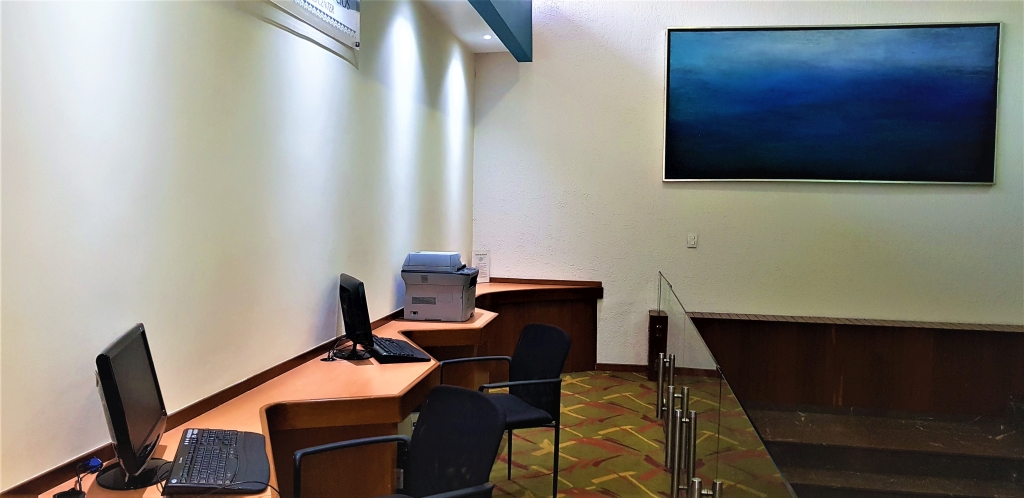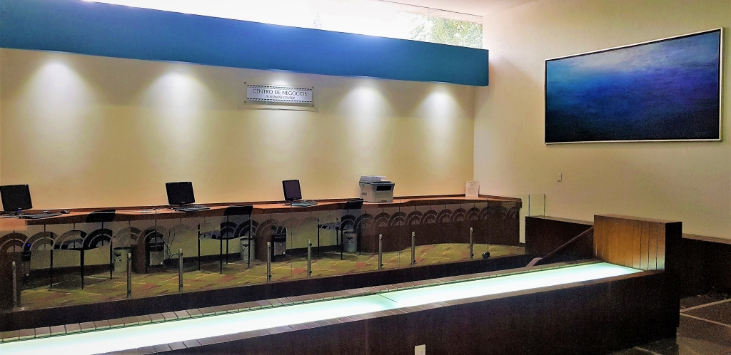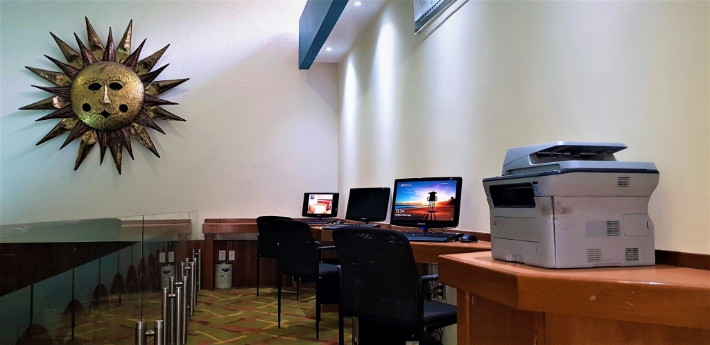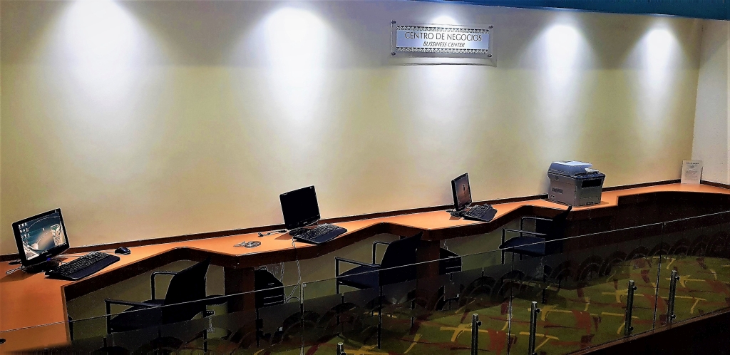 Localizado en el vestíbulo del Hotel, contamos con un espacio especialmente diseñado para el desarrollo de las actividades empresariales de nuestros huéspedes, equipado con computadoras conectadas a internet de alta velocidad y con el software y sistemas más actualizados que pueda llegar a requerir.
+++
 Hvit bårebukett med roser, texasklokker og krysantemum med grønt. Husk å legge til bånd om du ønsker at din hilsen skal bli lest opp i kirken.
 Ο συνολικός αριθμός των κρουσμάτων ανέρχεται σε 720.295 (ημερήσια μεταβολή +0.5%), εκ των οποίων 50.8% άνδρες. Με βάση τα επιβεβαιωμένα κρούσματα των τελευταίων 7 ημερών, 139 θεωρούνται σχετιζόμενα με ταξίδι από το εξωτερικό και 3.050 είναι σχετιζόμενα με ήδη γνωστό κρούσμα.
+++
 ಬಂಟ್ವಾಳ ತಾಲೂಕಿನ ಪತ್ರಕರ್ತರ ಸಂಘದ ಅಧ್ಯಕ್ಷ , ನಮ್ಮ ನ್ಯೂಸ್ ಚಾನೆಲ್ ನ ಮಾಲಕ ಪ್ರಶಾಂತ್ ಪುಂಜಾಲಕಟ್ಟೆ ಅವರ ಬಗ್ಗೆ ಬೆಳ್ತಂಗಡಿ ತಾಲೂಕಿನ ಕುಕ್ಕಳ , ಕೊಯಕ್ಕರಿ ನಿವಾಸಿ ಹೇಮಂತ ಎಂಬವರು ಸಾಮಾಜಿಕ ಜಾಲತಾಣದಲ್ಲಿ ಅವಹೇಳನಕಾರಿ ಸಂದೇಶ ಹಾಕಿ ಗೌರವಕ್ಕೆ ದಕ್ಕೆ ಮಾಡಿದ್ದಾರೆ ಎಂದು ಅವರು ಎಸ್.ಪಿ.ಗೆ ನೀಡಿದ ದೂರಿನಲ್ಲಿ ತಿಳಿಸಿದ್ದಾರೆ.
+++
» **YOUR INSTRUCTIONS**
Write down again, exactly as given, only the lines above that fall from the line with "Hvit bårebukett med" to the line with "Ο συνολικός αριθμός", inclusive.

» **RESPONSE AREA**
 Hvit bårebukett med roser, texasklokker og krysantemum med grønt. Husk å legge til bånd om du ønsker at din hilsen skal bli lest opp i kirken.
 Ο συνολικός αριθμός των κρουσμάτων ανέρχεται σε 720.295 (ημερήσια μεταβολή +0.5%), εκ των οποίων 50.8% άνδρες. Με βάση τα επιβεβαιωμένα κρούσματα των τελευταίων 7 ημερών, 139 θεωρούνται σχετιζόμενα με ταξίδι από το εξωτερικό και 3.050 είναι σχετιζόμενα με ήδη γνωστό κρούσμα.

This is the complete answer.